## [What is needed]
The data below should be restated word for word, with every picture omitted.

## [Recorded data]
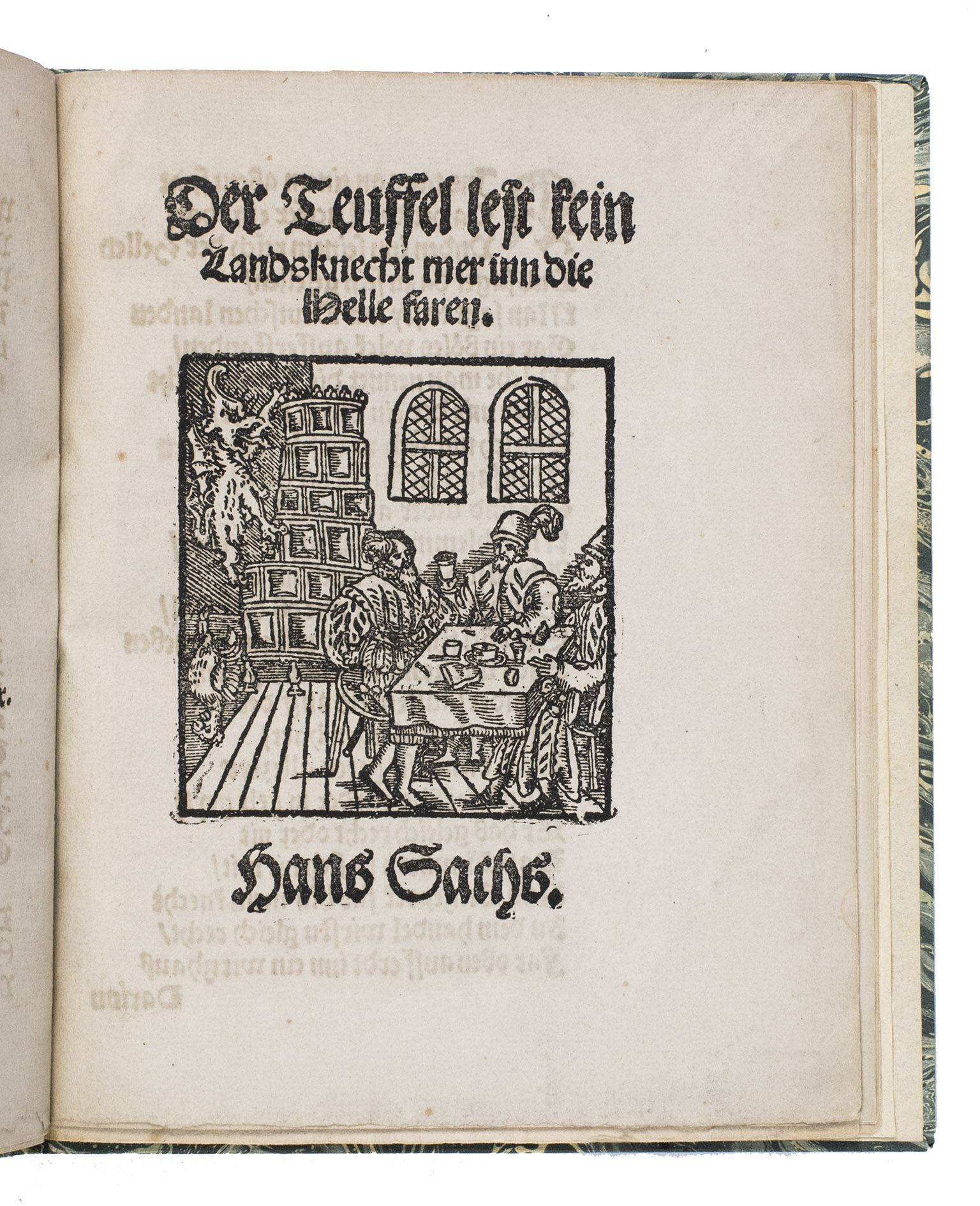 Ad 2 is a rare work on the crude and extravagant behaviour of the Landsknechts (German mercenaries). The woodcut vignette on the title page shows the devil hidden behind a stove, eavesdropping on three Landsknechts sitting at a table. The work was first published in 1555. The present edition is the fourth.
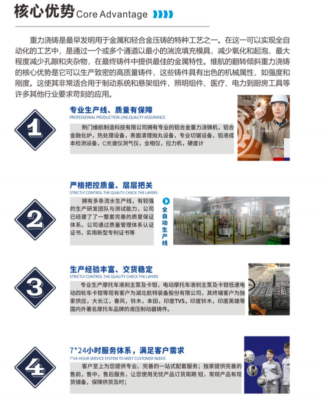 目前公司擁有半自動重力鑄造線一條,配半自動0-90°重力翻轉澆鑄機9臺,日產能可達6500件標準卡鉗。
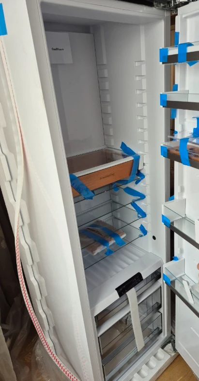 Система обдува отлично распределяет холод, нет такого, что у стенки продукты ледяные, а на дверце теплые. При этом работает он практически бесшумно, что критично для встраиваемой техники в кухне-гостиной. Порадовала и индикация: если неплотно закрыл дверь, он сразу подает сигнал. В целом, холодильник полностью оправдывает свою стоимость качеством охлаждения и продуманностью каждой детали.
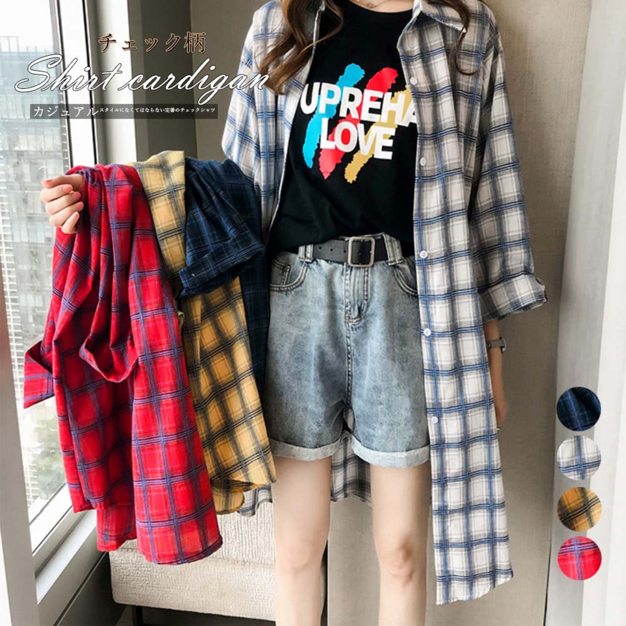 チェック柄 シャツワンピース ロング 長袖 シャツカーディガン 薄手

## [Solved exercise]
 Ad 2 is a rare work on the crude and extravagant behaviour of the Landsknechts (German mercenaries). The woodcut vignette on the title page shows the devil hidden behind a stove, eavesdropping on three Landsknechts sitting at a table. The work was first published in 1555. The present edition is the fourth.
 目前公司擁有半自動重力鑄造線一條,配半自動0-90°重力翻轉澆鑄機9臺,日產能可達6500件標準卡鉗。
 Система обдува отлично распределяет холод, нет такого, что у стенки продукты ледяные, а на дверце теплые. При этом работает он практически бесшумно, что критично для встраиваемой техники в кухне-гостиной. Порадовала и индикация: если неплотно закрыл дверь, он сразу подает сигнал. В целом, холодильник полностью оправдывает свою стоимость качеством охлаждения и продуманностью каждой детали.
 チェック柄 シャツワンピース ロング 長袖 シャツカーディガン 薄手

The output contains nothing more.